PROBLEM TO WORK ON: Please repeat, precisely as written, only the lines from the one containing "В целом, прогноз" through the last line of the records below, pictures omitted.

PROVIDED MATERIAL:
******************************

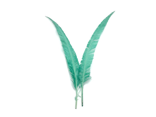 10 Pieces – Solid Aqua Mint Thin Long Whiting Farm Rooster Hair Extension Feathers
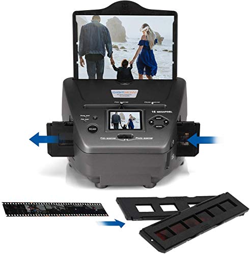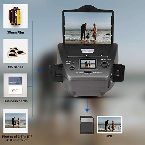 - Convertidor inteligente: escanee sin esfuerzo sus fotos, postales, diapositivas y negativos en el escáner (memoria integrada de 128 MB) o en la tarjeta SD (incluida-4G). no se necesita computadora Imágenes JPG digitales en una tecnología de captura instantánea de 16 megapíxeles de escaneo rápido y de alta calidad digitaliza archivos JPG de alta resolución en segundos
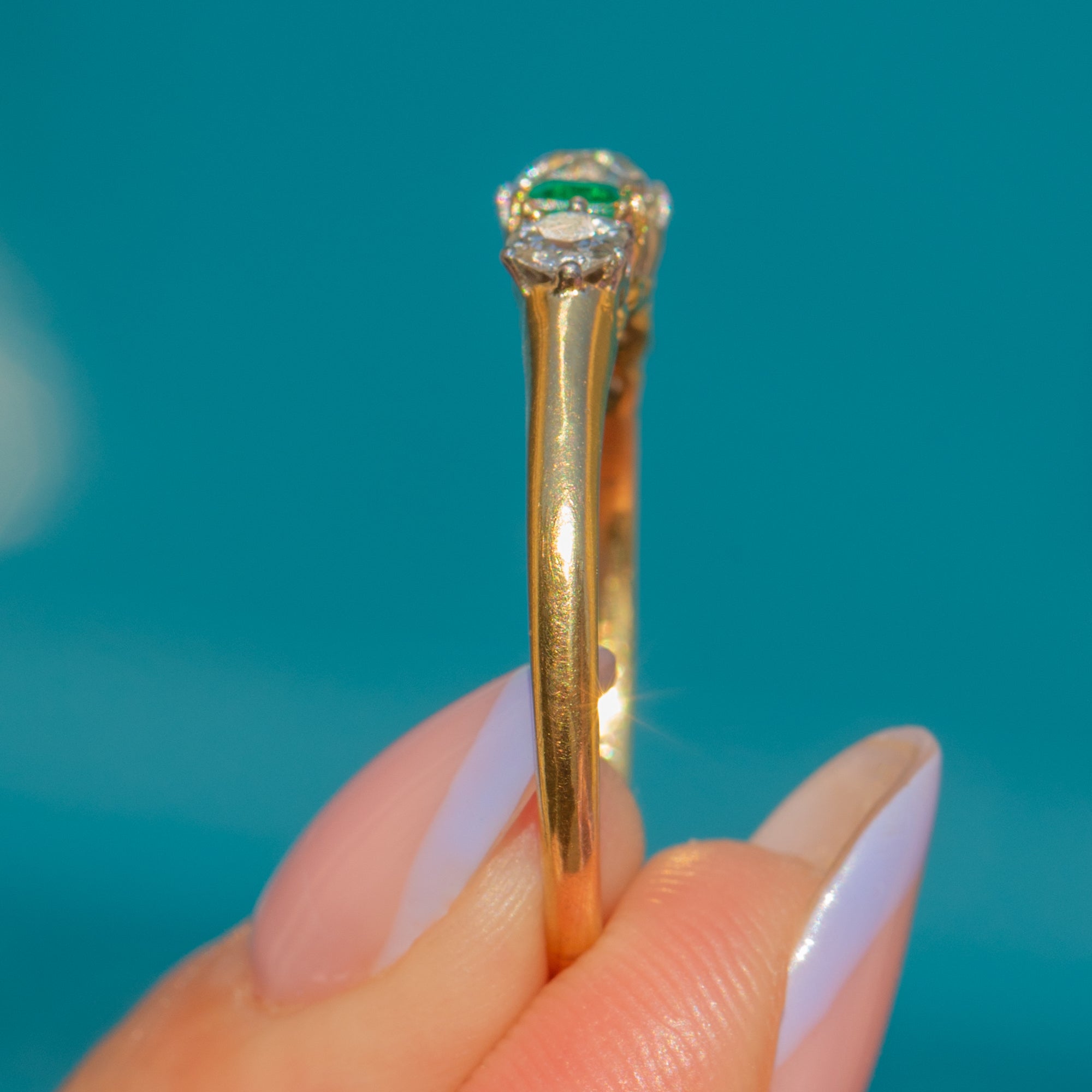 VERY GOOD: This Edwardian French 18ct Gold Emerald Diamond five stone ring is in very good condition. Each of her gemstones are radiant and securely set in their Platinum claws. One of the Emeralds has a small inclusion - a feature prevalent in this gemstone that we like to see as a little nod to mother nature! There is evidence of a previous resize which has been completed in 15ct Gold, though this cannot be seen when wearing. A gorgeous piece, this antique ring is a must-have!
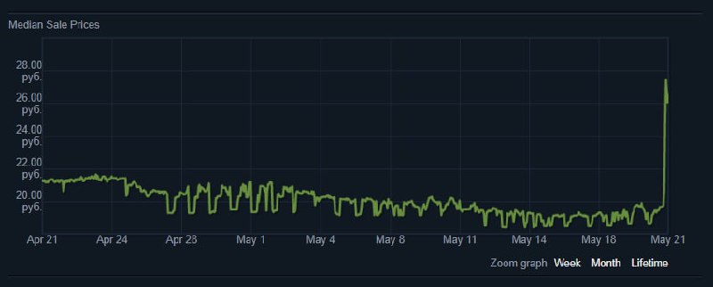 В целом, прогноз таков: если не будет никаких сюрпризов от Valve, то до конца июня мы растём, потом летняя распродажа и лёгкая просадка. После неё ждём восстановление цены и снова начинаем рост. А тут, глядишь, и "летний буст" пожалует 😉
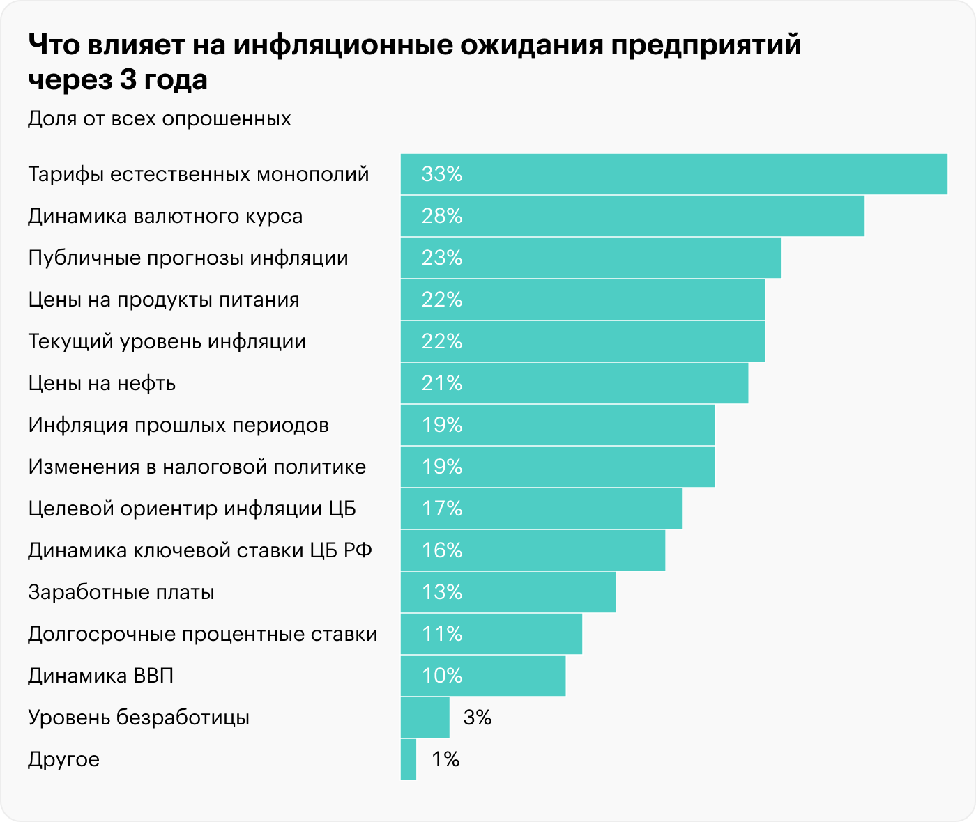 Для предприятий самый важный краткосрочный фактор — тоже текущий уровень инфляции. На горизонте трех лет он упоминается респондентами уже значительно реже. Источник: ЦБ РФ

******************************

RESPONSE TO THIS EXERCISE:
 В целом, прогноз таков: если не будет никаких сюрпризов от Valve, то до конца июня мы растём, потом летняя распродажа и лёгкая просадка. После неё ждём восстановление цены и снова начинаем рост. А тут, глядишь, и "летний буст" пожалует 😉
 Для предприятий самый важный краткосрочный фактор — тоже текущий уровень инфляции. На горизонте трех лет он упоминается респондентами уже значительно реже. Источник: ЦБ РФ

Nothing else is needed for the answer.